**Task details:** Only the pictures are dropped. Restate each line below word for word.

**Entries shown:**
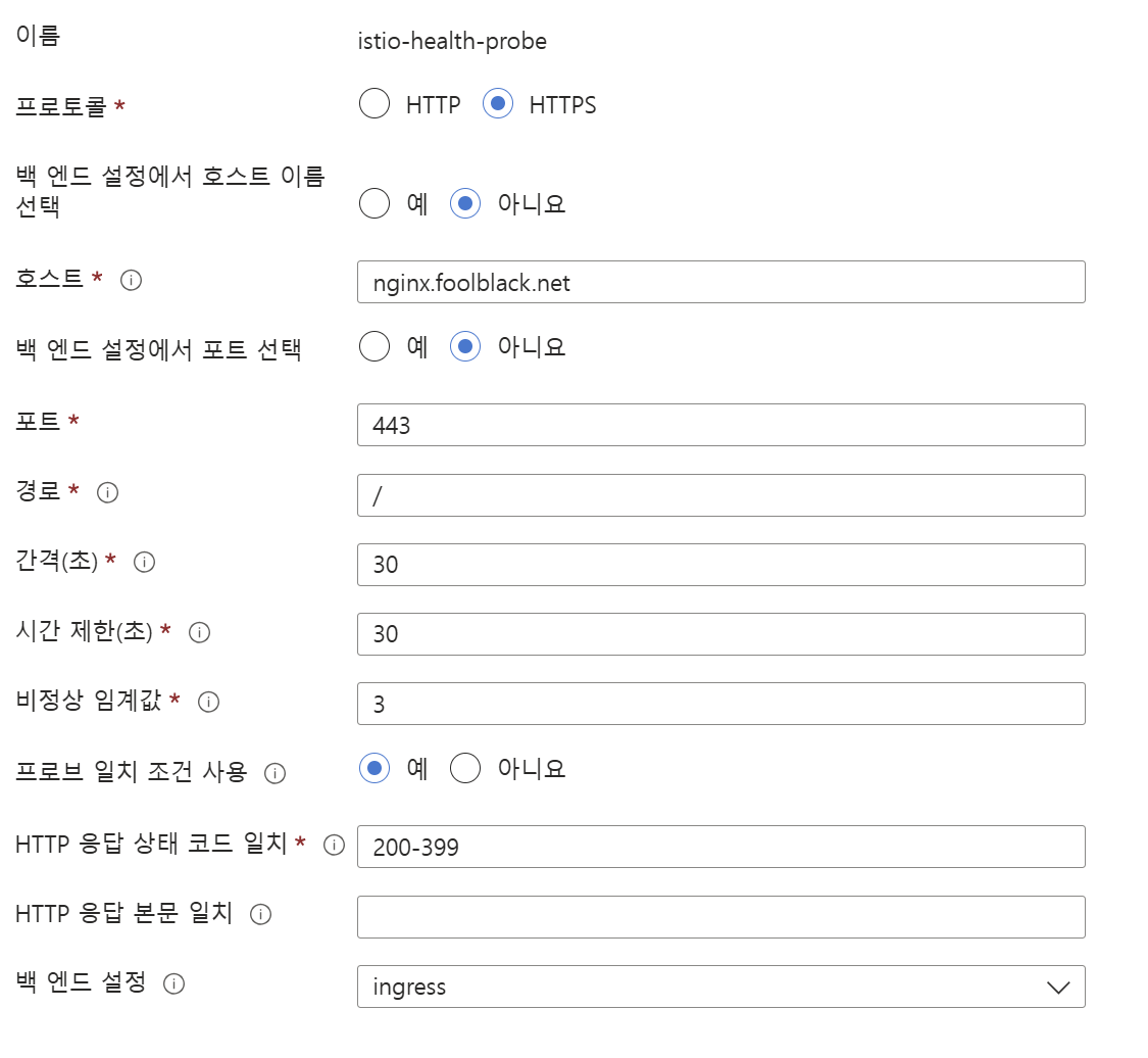 - 백엔드 풀은 Ingress External ip로 설정
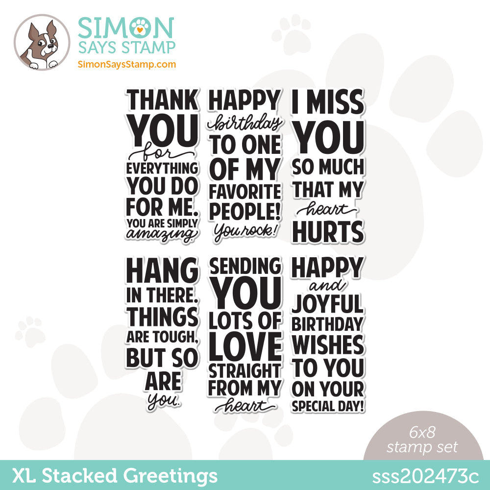 Simon Says Stamp clear stamps are high quality photopolymer and made in the USA. This stamp set measures approximately 6 x 8 inches and has a coordinating die set, XL Stacked Greetings (sssd112569c).
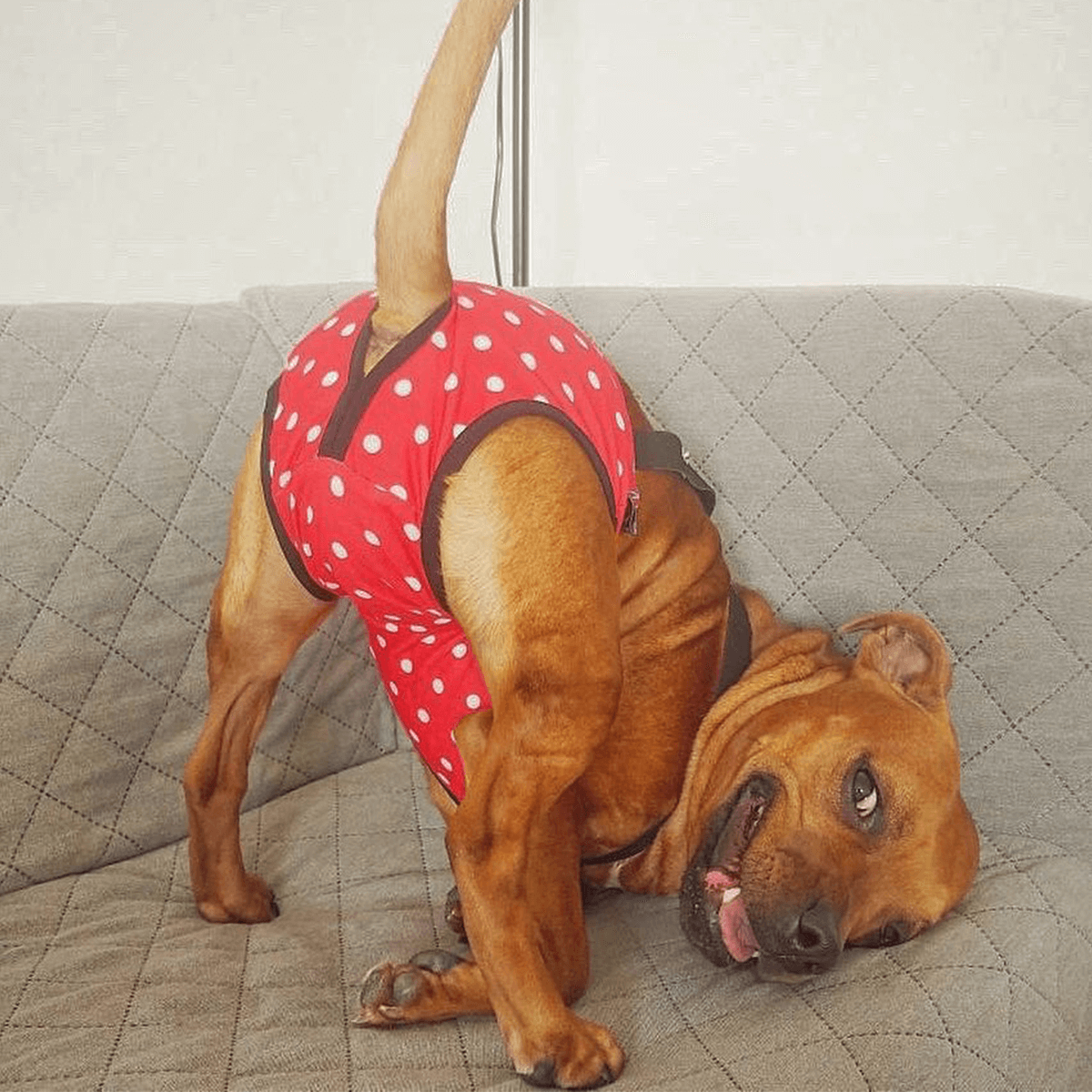 Staffordshire Bullterrier tikskydd med hängslen! - skräddarsydd tiktrosa för att passa Staffordshire Bullterrier under löpet, nu även med åtstramning i midjan som gör att dessa staffe tiktrosor inte åker av och gör löpet lite lättare!
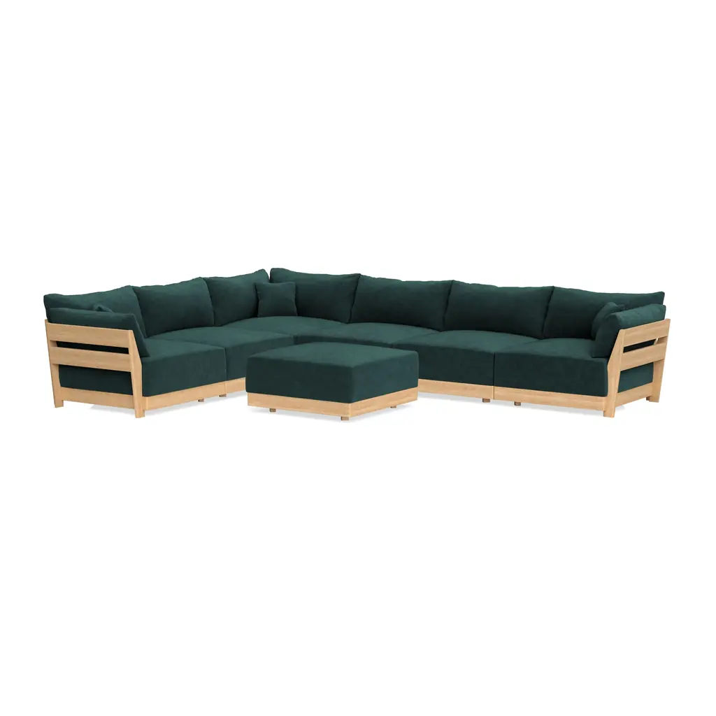 Modular Bondi Latte 6-Seater Corner Sectional + Ottoman In Harbor Blue | Memory Foam Blend
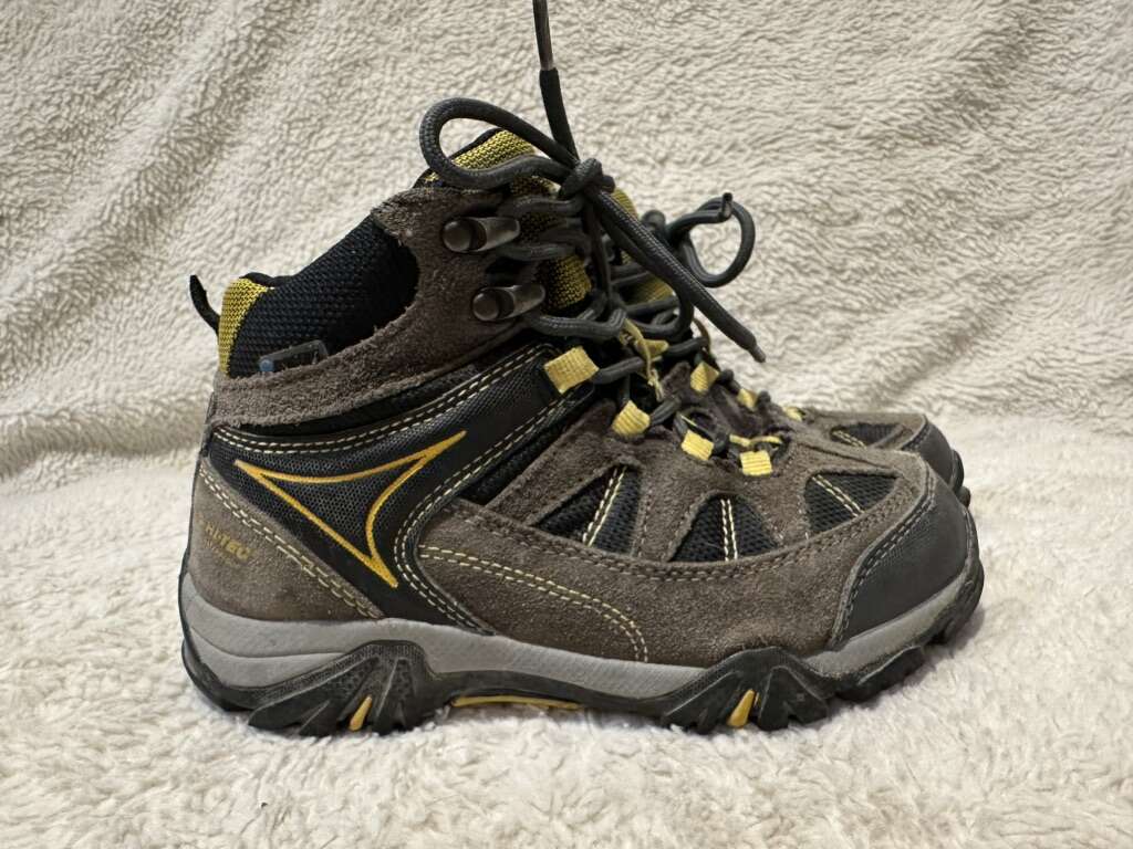 Hi-Tec toddler size 13 gray/black with yellow trim waterproof mid hiking boots. These are in good condition, see photos for details. I take cash or Venmo but cash is preferred. Text is best. 801-201-4446. Check out my other ads for additional sizes and styles.
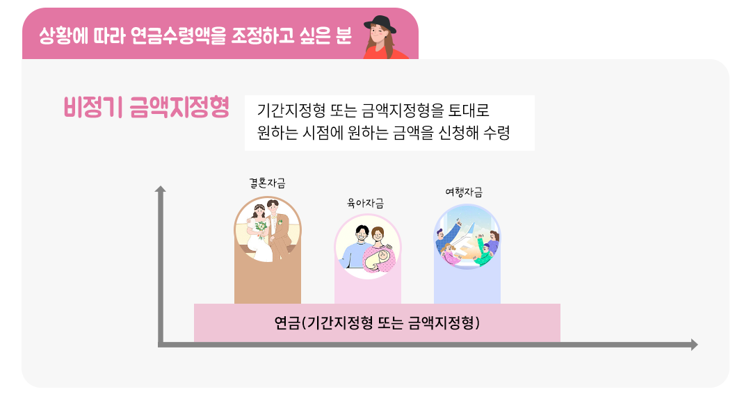 <비정기금액지정형>은 <기간지정형>이나 <금액지정형>을 기본으로 설정한 후 원하는 시점에 원하는 연금액을 신청해 수령하는 방식입니다. 당장 연금을 받지 않더라도 생활비에 문제가 없는 경우, 금액을 소액으로 지정하여 수령하다 목돈이 필요할 때 증액 신청을 해서 큰 금액을 수령할 수 있죠. 연금이 필요한 시기가 되면 연금 수령액을 늘일 수도 있어 자금흐름 관리에 유용하게 활용할 수 있습니다.
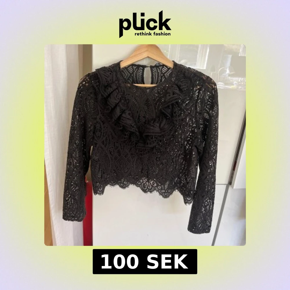 Supersnygg svart blus i spets med lång ärm och detaljerad volang framtill. Blusen har ett unikt mönster och är croppad med vågig kant nedtill. Perfekt för dig som gillar statement-plagg och vill sticka ut med coola detaljer. Plagget är ifrån Zara i stl M, men funkar för Xs och S
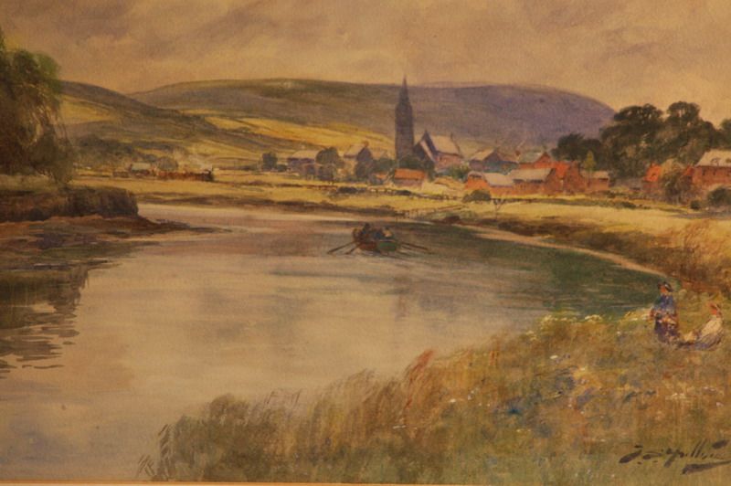 | Northumberland river landscape with figures seated by the river bank and a rowing boat in the middle distance | |

**Response:**
 - 백엔드 풀은 Ingress External ip로 설정
 Simon Says Stamp clear stamps are high quality photopolymer and made in the USA. This stamp set measures approximately 6 x 8 inches and has a coordinating die set, XL Stacked Greetings (sssd112569c).
 Staffordshire Bullterrier tikskydd med hängslen! - skräddarsydd tiktrosa för att passa Staffordshire Bullterrier under löpet, nu även med åtstramning i midjan som gör att dessa staffe tiktrosor inte åker av och gör löpet lite lättare!
 Modular Bondi Latte 6-Seater Corner Sectional + Ottoman In Harbor Blue | Memory Foam Blend
 Hi-Tec toddler size 13 gray/black with yellow trim waterproof mid hiking boots. These are in good condition, see photos for details. I take cash or Venmo but cash is preferred. Text is best. 801-201-4446. Check out my other ads for additional sizes and styles.
 <비정기금액지정형>은 <기간지정형>이나 <금액지정형>을 기본으로 설정한 후 원하는 시점에 원하는 연금액을 신청해 수령하는 방식입니다. 당장 연금을 받지 않더라도 생활비에 문제가 없는 경우, 금액을 소액으로 지정하여 수령하다 목돈이 필요할 때 증액 신청을 해서 큰 금액을 수령할 수 있죠. 연금이 필요한 시기가 되면 연금 수령액을 늘일 수도 있어 자금흐름 관리에 유용하게 활용할 수 있습니다.
 Supersnygg svart blus i spets med lång ärm och detaljerad volang framtill. Blusen har ett unikt mönster och är croppad med vågig kant nedtill. Perfekt för dig som gillar statement-plagg och vill sticka ut med coola detaljer. Plagget är ifrån Zara i stl M, men funkar för Xs och S
 | Northumberland river landscape with figures seated by the river bank and a rowing boat in the middle distance | |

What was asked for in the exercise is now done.